Nolte was one of my favorite supporting performances of the year in my #2 rated film of 2011 because of the dynamic behind it. It’s about a family split being healed with one first step because of those directly affected, not because of a father winning everyone back in a wacky or melodramatic way. I loved Nolte in the film because while the film’s story arc was about the two brothers reconciling in a way, I like the undercurrent of Paddy trying to put together his family again. He knows he’s blown it and it won’t happen because of what he’s done but he still holds out hope. The cutting in of his reading Moby Dick, and of Ahab chasing the white whale, is such a great metaphor.

Ahab’s vanity was that he didn’t know when to quit; he dies a victim of his own obsession. Paddy’s hopes of a family again die with the final realization that his children don’t want him. They don’t need him, and every parent is expected to have that moment when their children outgrow that basic need, but the fact that they don’t want him in their life as a friend or a father is such a poignant part of the film. If you want to read my full thoughts on the film, you can click here from when it was in theatres. Needless to say, great film and you ought to see it.

Highly recommended.

What Looks Good This Weekend, and I Don’t Mean the $2 Pints of Bass Ale and community college co-eds with low standards at the Alumni Club

Big Miracle – Three whales get trapped under ice. Shenanigans ensue

Skip it – I didn’t care about this when it actually happened. Don’t care now that it’s a romantic comedy with Drew Barrymore and the guy from The Office that isn’t Steve Carrell or the guy who looks like Newt Gingrich.

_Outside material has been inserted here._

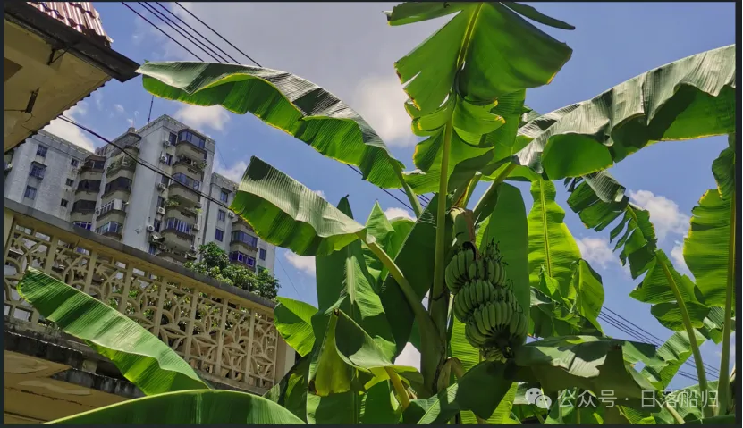 邂逅了一棵芭蕉树,感谢它宽大的叶子,让我能躲避酷热的阳光,也感谢它能向我展示挂在树上的芭蕉——以前我只在水果摊上见过。

Chronicle – Three kids get superpowers.

See it – The found footage type film has been done to death with horror films but as a superhero type film it could be interesting.

The Woman in Black – Daniel Radcliffe is an attorney handling someone’s estate or something. I think.

See It – Radcliffe may be known as Harry Potter, perhaps for the rest of his career, but I’m curious to see what he does after Potter. And this will be the first big clue to see if he can ride that franchise into becoming a serious actor and/or movie star or if he’ll be forever cast as the boy wizard.